At the time Fats was a well-known, fast-talking, bigger-than-life figure in the sports world.

He was known for his tall tales, engaging banter and his unabashed self-promotion. In 1970, he had his own TV show — Celebrity Billiards with Minnesota Fats — was featured in the movie “The Player,” and was a colorful guest of TV talkers like Johnny Carson and David Frost.

He claimed the Minnesota Fats character in the 1961 film “The Hustler” was a depiction of him, although, in truth, he changed his name from New York Fats to Minnesota Fats after the movie came out.

Regardless, even Muhammad Ali said he had to take a back seat to Fats when it came to bombast.

And the way Todd Recher, the co-owner of Airway Billiards remembered it, Fats was in fine form when he came to Dayton that time and made a side trip to the Pic-Wic Billiards Club on North Dixie Drive to put on an exhibition.

“He did his trick shots and went into his spiel about how nobody had ever beaten him,” Recher said. “That’s when the crowd started chanting, ‘Deeno!…Deeno!…Deeno!’”

It was a call to the cue for Deeno Gounaris, the local jewelry store salesman who, at age 42, had stunned some of nation’s top pool players to win the Ohio State Open Nine Ball Championship at Pic-Wic in 1970.

“After he won that tournament he was quite a local celebrity,” said Recher, who, as a wide-eyed 16-year-old, had watched Gounaris win the crown and was there that day Fats got to boasting, as well.

“With the crowd cheering, Deeno went and got his cue and they played,” Recher said. “They played nine ball — a race to three (the first player to win three games) — and Deeno beat him handily!”

Several years later, in an interview with the Dayton Daily News’ Ron Jackson, Gounaris reflected on that Fats shaming:

“Minnesota Fats is the Muhammad Ali of our sport.
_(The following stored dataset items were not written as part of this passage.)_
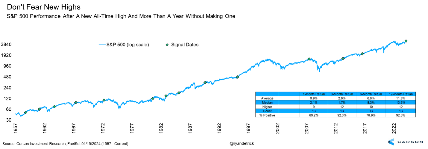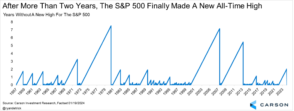 It took more than two years, but the S&P 500 closed Friday at an all-time high. The previous record high was set on Jan. 3, 2022. Of course, that was followed by a vicious 25% drop and a bear market, sparked by the war in Ukraine, supply chain challenges, a generational spike in inflation, China on lockdown, and the most aggressive Fed in four decades. That bear eventually ended in October 2022, and since then stocks have defied many experts, who continually (and incorrectly) touted a weakening economy, tapped-out consumer, and many other reasons to doubt the new bull market. Fortunately, we’ve been on the other side of the strategist consensus, as we’ve firmly believed stocks would surprise higher and the economy would remain resilient.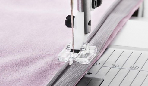 2. Излишек длины молнии должен быть в нижней части застежки-молнии. Включите прозрачную лапку для потайной молнии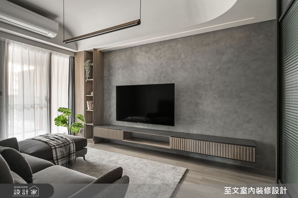 至文室內裝修設計以木地板、清水模、鐵件、玻璃、系統櫃、特殊漆的搭配應用,呈現現代風居家氛圍,將此間13坪、一房、單層、新成屋(5年以下)打造成舒適愜意的家庭空間,完成1位大人全家人的夢想之居。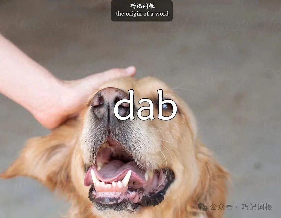 源自中古英语 dabben(轻击、拍打),可能模仿声音或动作,14世纪起指轻轻触摸或涂抹,2010年代起在亚特兰大嘻哈文化中发展为街舞动作(头部埋入弯曲手臂,像打喷嚏),同时指吸食大麻浓缩物(dabbing)。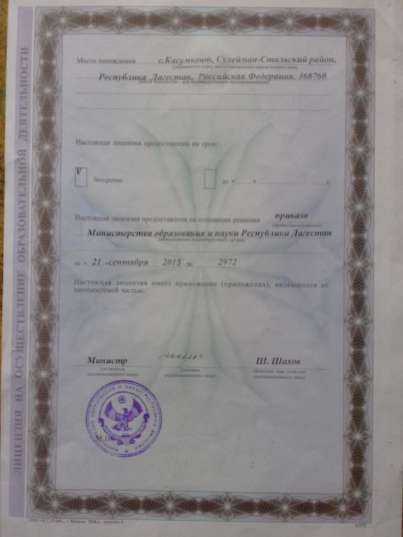 | Адрес местонахождения образовательной организации* | Сулейман-Стальский район с.Касумкент ул.Г.Гасанова 8 |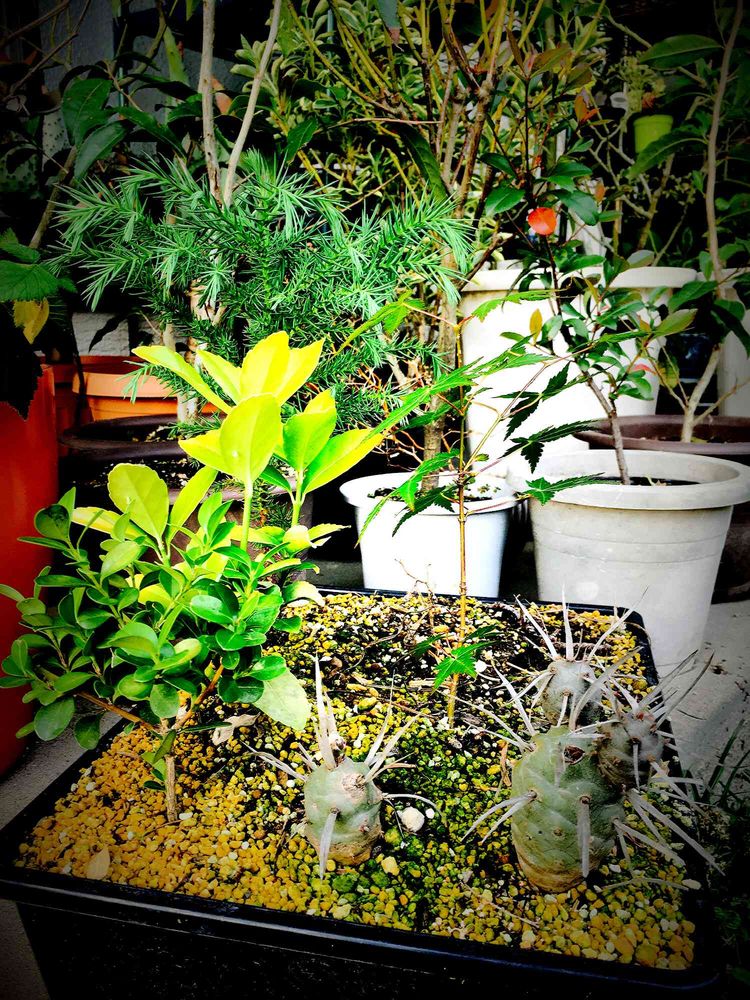 この寄せ植えなんだかんだでしたサボテンの武蔵野とボックスウッド、マサキ、もみじと相性がよかです😎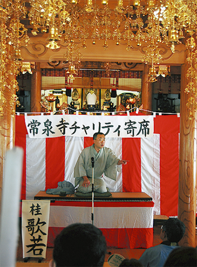 富士屋ホテル近くの曹洞宗常泉寺(折橋尚道住職)で16日、震災復興支援の寄席が開催された。折橋住職が法話の代わりに企画したもので、仏前の高座には桂歌丸一門の歌若さんが登場、ユニークな語り口で来場者を笑顔に変えた。集まった8万5千円は(社)シャンティ国際ボランティア会を通じ被災地支援に役立てられるという。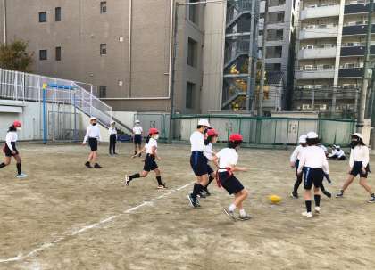 不規則に転がるラグビーボールを追いかけながら、元気いっぱい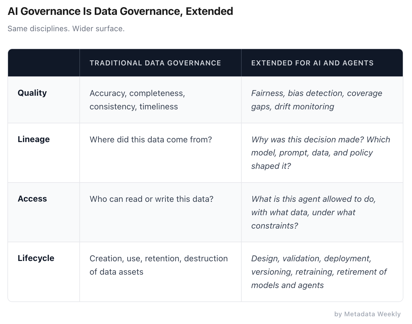 The table makes a simple point: every row is the same governance discipline, pointed at a wider surface. Data governance teams are already equipped for the left column. The right column is where they need to be invited into the AI loop.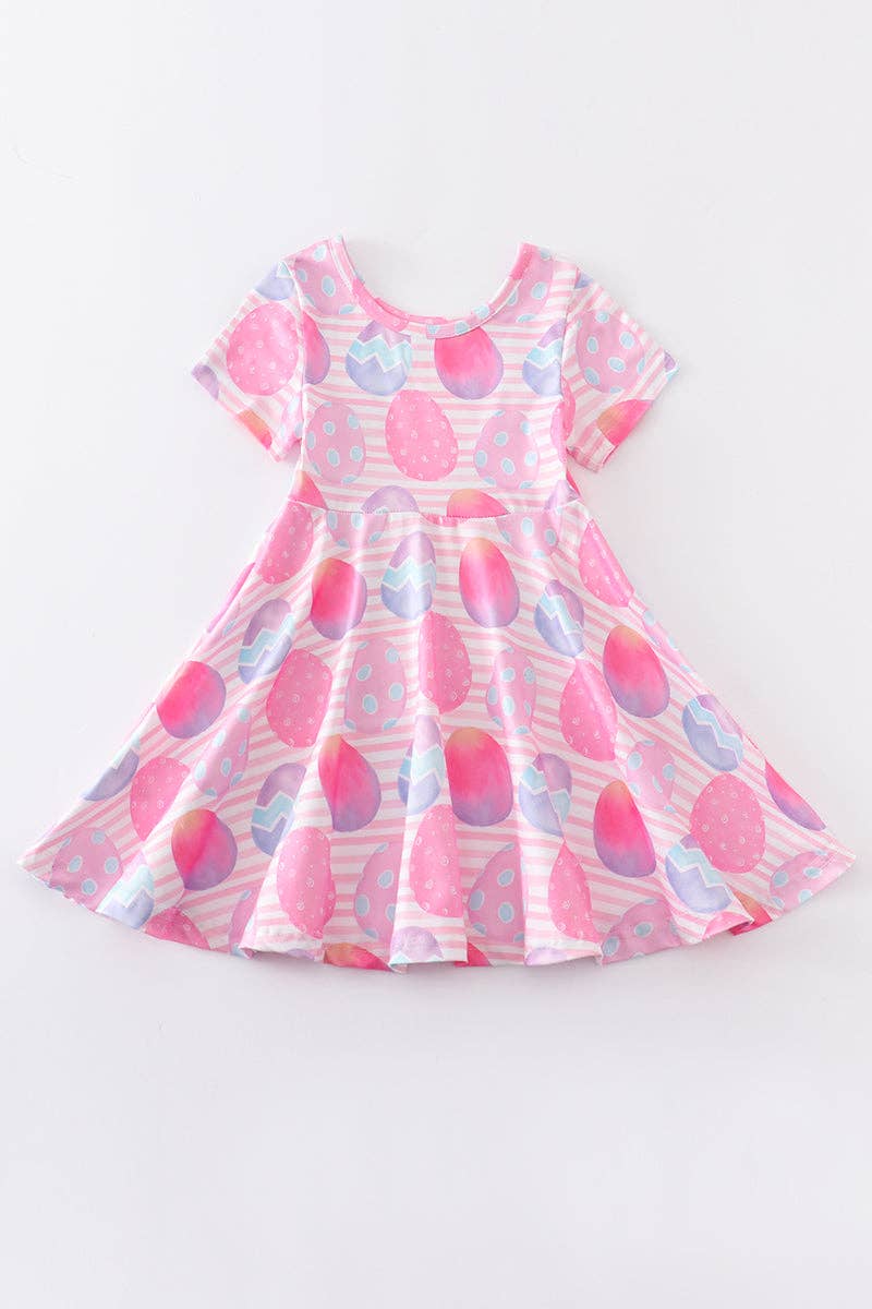 Rylee Faith Designs - Pink Striped Egg Print Twirl Dress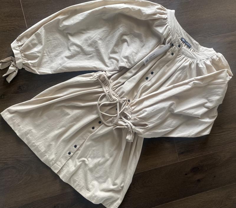 Супер стильное платье-рубашка с объемными рукавами. Нова. Не подходит размер. Можно носить как свободную рубашку так и сужать пояс как платье.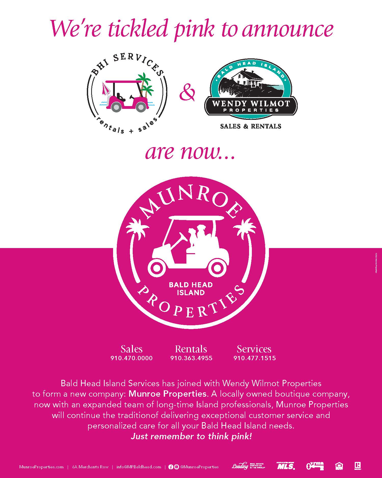 Wendy Wilmot Properties has joined with Bald Head Island Services to form a new company: Munroe Properties. A locally owned boutique company, now with an expanded team of long-time Island professionals, Munroe Properties will continue the tradition of delivering exceptional customer service and personalized care for all your Bald Head Island needs.

He really puts on a show…Of course nine ball isn’t his specialty. One pocket and bank pool are.”

While Gounaris was kind in his remembrance, Fats feigned ignorance and indifference.

A year or so after they met, Fats was back in Dayton to do some promotion for a pair of new Elder-Beerman stores that were opening. He was interviewed by the Journal Herald’ Bucky Albers.

“I own six limousines,” he boasted. “I got ‘em spread around, one in St. Louis, one in Chicago. I got one I ain’t even driven. There’s a cat sleeping under it, and I don’t want to wake her.”

Fat’s then boasted: “I ain’t never lost a match. Know that I’ll go anywhere on earth and play anybody, but nobody wants to play me.”

And that’s when Albers asked about the three games Deeno Gounaris had won against him.

“Deeno Gounaris!” Fats bellowed to Albers. “Who’s he? If I don’t know him, he can’t beat Shirley Temple!”

Fats was told Gounaris and several top players were playing in a tournament at Forest Park Plaza. He was asked if he was interested.

“See here,” Fats said as he pulled out a plane ticket. “I’m playing an exhibition in Miami Beach. If they have a $200,000 crowd, I get $120,000. How do you like that? (So) I should go over (to Forest Park) and try to beat Geeno Donaris (sic) for a bottle of cologne?’”

Whether Fats was smelling cologne or comeuppance, he wanted no part of Deeno that day.

“That was typical Fats,” Recher laughed. “Full of bluster and B.S.”

As he sat at the bar of his billiards parlor on Needmore Road the other evening, he was remembering Gounaris, who had been his mentor and long-time friend.

Gounaris died on May 24 and is being buried on July 7. He was 88.

His wife, Tula, preceded him in death. He is survived by his three children, Perry, Stacy and Leah, and four grandchildren, Ayla, Enya, Romie and Carson.

A viewing will be held from 9:30 to 11 a.m., July 7, at the Annunciation Greek Orthodox Church at 500 Belmonte Park North in Dayton. The funeral service is at 11 a.m. and will be followed by burial at Woodland Cemetery and a dinner afterwards back at the church.

‘Smooth as silk’

Gounaris told reporter Jackson he was 14 — four years under the age limit — when he started sneaking into 29 Billiards, an upstairs pool hall run by a former baseball player. Under the tutelage of Howard “Jake” Spitler, he began to practice four hours a day and by the time he was 18 he had run nine straight racks of nine ball.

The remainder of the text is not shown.